Todays deal ... I'm a sucker for lasers.  My last one has disappeared, so I jumped on this deal.  Stores aren't stocking them like they used to, and this one is blue-violet.  Kewl.

*Blue-Violet High Powered Laser Pointer - Choose Between 5mw, 10mw, or  30mw*

Make your point with this sharp-looking Blue-Violet Laser Pointer! The  blue-violet laser is great for presentations, playing with your pets, or  anything in between! Skip the red and go straight for this Laser Pointer. These  come in 5mw, 10mw, or 30mw.

 Retail Price: $29.95 

5mw: $  9.97
10mw  $11.97
30mw  $14.97

Shipping: FREE! 

http://www.yugster.com/todays-deals/daily-offer


----------



## waybomb

Gawd, I swear, the next time somebody uses a laser point to point to something on a screen with a projected something or other, I am going to go off. Phuk ya I can read and decipher what is up there for phuk's sake! Christ on a bike I can read! And then I'm supposed to watch that unstabilized light as the presenter wiggles about???? Phawk!

Sorry.........


----------



## bczoom

Laser pointers are for playing with dogs...  The love chasing them around.  Better then throwing toys to the dog (in the house).  Very entertaining when the dog is on a laminate floor as they slide all over the place.


----------



## Doc

bczoom said:


> *Laser pointers are for playing with dogs.*..  The love chasing them around.  Better then throwing toys to the dog (in the house).  Very entertaining when the dog is on a laminate floor as they slide all over the place.


...and cats.    Our dogs figure it out after a while but the cats never catch on.  

Fred,
for network diagrams when you are trying to track data flow to ensure everyone is on the same data point laser pointers fit the bill.  I agree there is no need for them if they are simply pointing at the bulleted words etc.


----------



## Doc

These sure sound good and the timing was right.  I've ordered already.  

*Christopher Adams Egyptian Comfort 1600 TC Bed Sheets (Choice of King or  Queen in 12 Colors)*

LIST PRICE: *$149.99*
Your price: *$19.99* + $4.99 shipping.

http://www.dailysteals.com/


----------



## danielpower

I want to buy the purple laser pointer.


----------



## Doc

danielpower said:


> I want to buy the purple laser pointer.

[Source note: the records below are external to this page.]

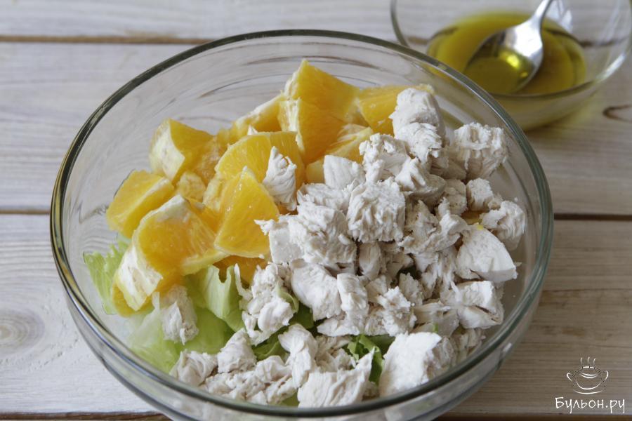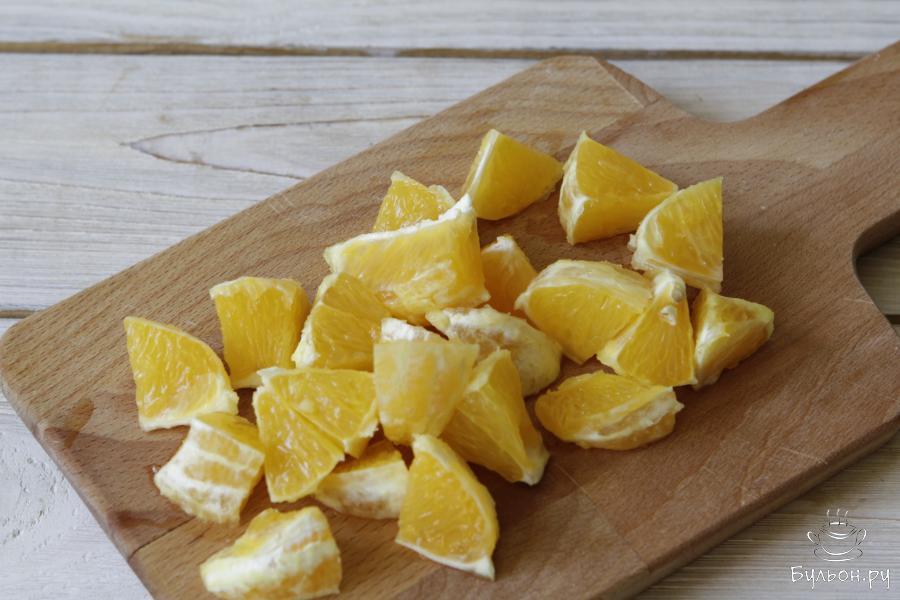 3. Один крупный или два небольших апельсина почистить, разделить на дольки и нарезать на квадраты. Сильно не мельчить.
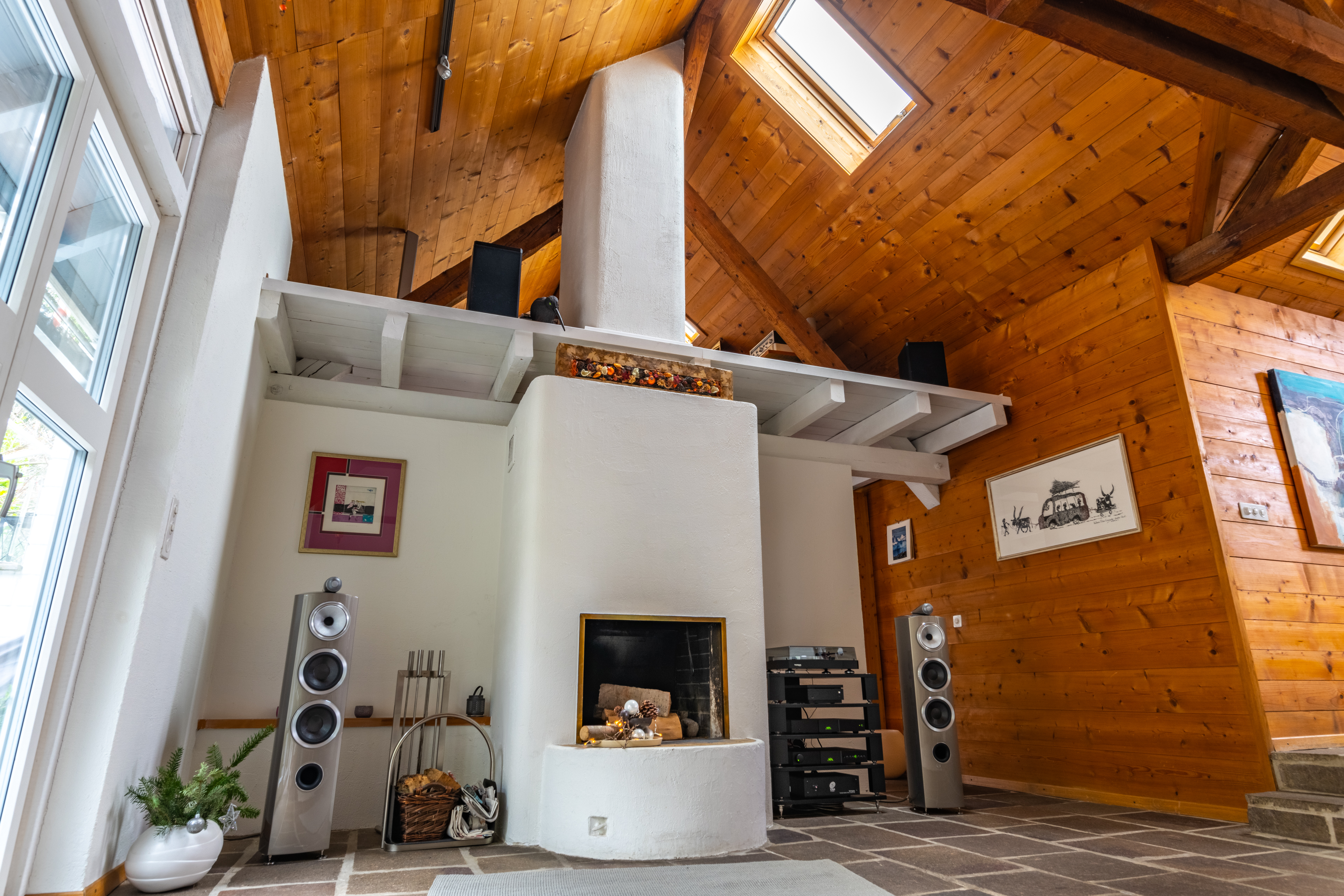 Kompakte HiFi Anlage beim Kamin
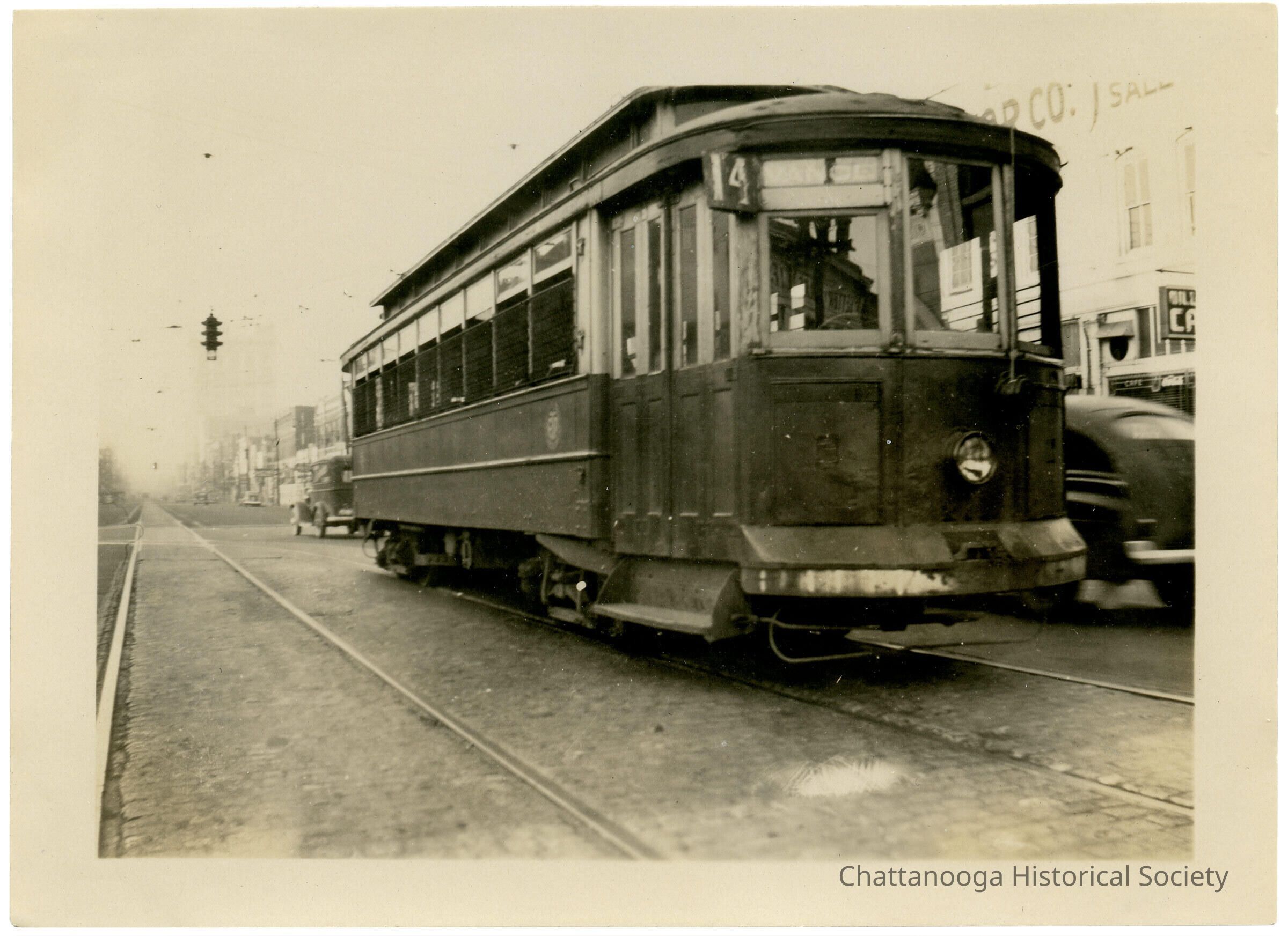 A photograph of a streetcar traveling on the Vance Route down Market Street.Photograph Details
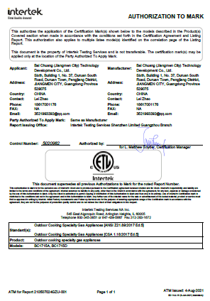 Baichuang (Jiangmen) Technology Development Co., Ltd is a factory dedicated in research and production of outdoor hardware product,it mainly covers Gas grill,Gas oven,carbon grill,heating stove”good quality,easy to use’is our aim for customer.
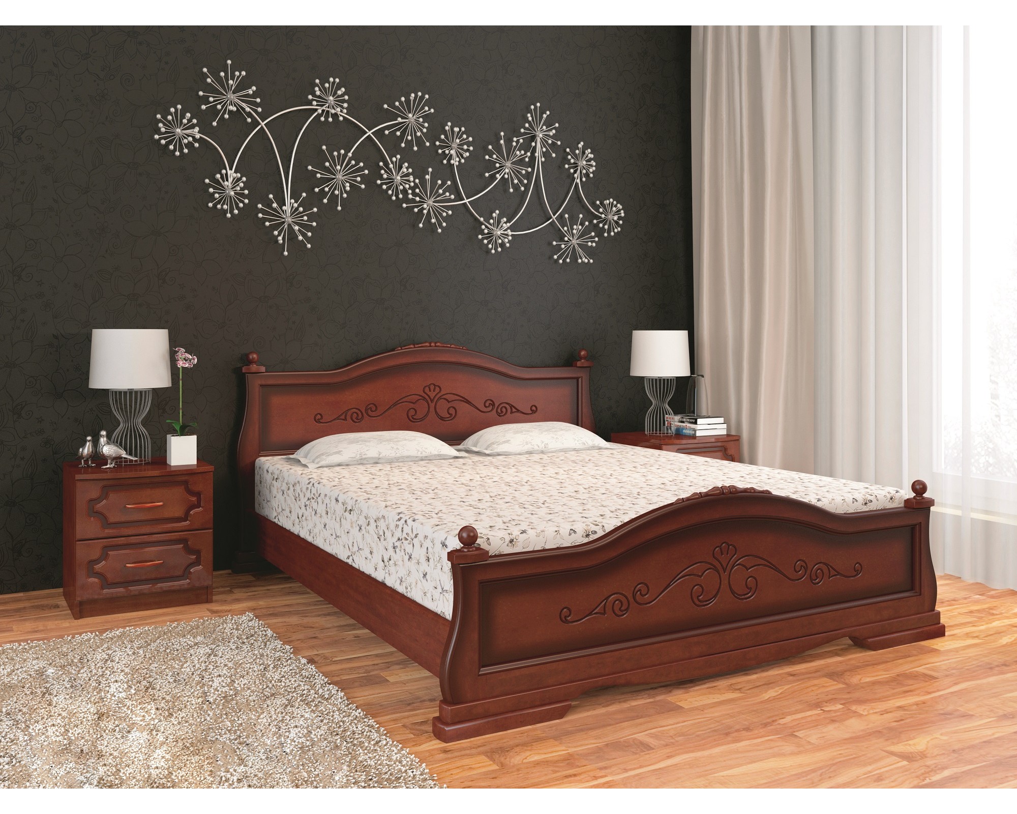 Кровать «Массив-2» орех (лак) (Элегия)
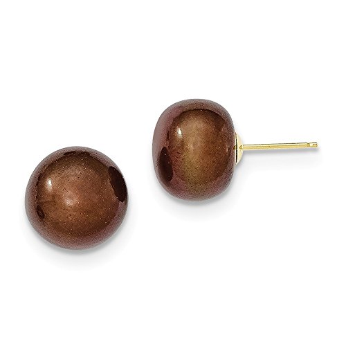 Solid 14k Yellow Gold 11-12mm Coffee Button FW Cultured Pearl Stud Earrings
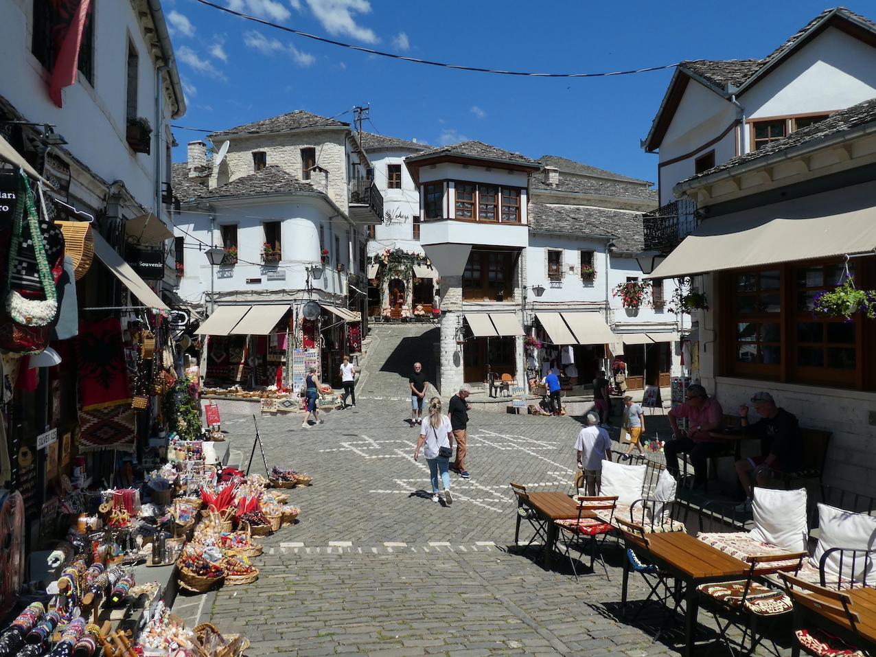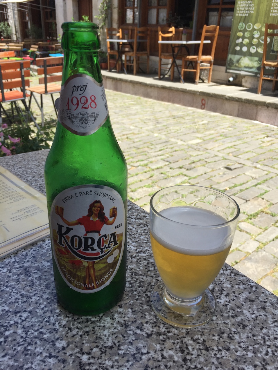 We enjoyed a traditional Albanian lunch in the old town here, we searched out the least touristy place, finding a lovely small “Grandma and Grandpa” run place in the back streets.  Through broken English and Albanian we told them we wanted traditional food, Chef Grandpa insisted we sit at the table he was at as “it was the best in the house” (we were the only customers), and Grandma selected our dishes; “Qifqi” (rice balls with herbs in a chicken broth) & “Tasqebap” (goluash) and of course Phil also drank his first Albanian beer.  The meals were traditional, small, delicious and cheap perfect for lunch. And of course we forgot to photograph (taking pictures of food doesn’t come naturally to us, but somehow we ended up with a picture of the beer?).

It might still be available ....just click the link.  If it's gone not much you can do but wait and see if they offer it again.

Welcome to Forums Forums.


----------



## squerly

danielpower said:


> I want to buy the purple laser pointer.


yep, and then point it at Waybombs post...   

BTW, Welcome to FF.


----------



## Doc

Here you go Muley.    It is windows 7 but if you ask me that is a very good thing.  

Dell's reliability and durability are showcased in this Latitude E6400 Notebook. It's full of features that make the computer exactly what you need, but this 14" notebook is also at a great price that you can afford.

With a 2.2 GHz Intel Core 2 Duo P8400 Processor and 2 GB memory, you can run your favorite applications and programs without missing a beat. Check your email, browse the internet, type documents, or watch movies -- it's up to you!

The notebook features a DVD-RW drive, so you can watch your DVD movies or burn backups of your files. And whether you're saving documents, photos, or music, you can put it on the 160 GB hard drive. And you'll love the operating system -- it's Windows 7 Professional.

Retail Price: $499.99 
$314.97 Yugster Price  Shipping: $5 

http://www.yugster.com/todays-deals/daily-offer

Dell Latitude E6400 Notebook 
2.2 GHz Intel Core 2 Duo P8400 Processor 
2 GB Memory 
160 GB Hard Drive 
DVD-RW Drive 
Windows 7 Professional 
14" Screen 
60-Day Yugster Warranty


----------



## bczoom

2G memory on that concerns me a bit.  I'm new to Windows 7 but just firing things up and getting a couple things open sucks up about 2G.


----------



## Doc

I agree Brian, it is entry level pretty much, but for primarily browsing the internet and reading emails it would be fine.  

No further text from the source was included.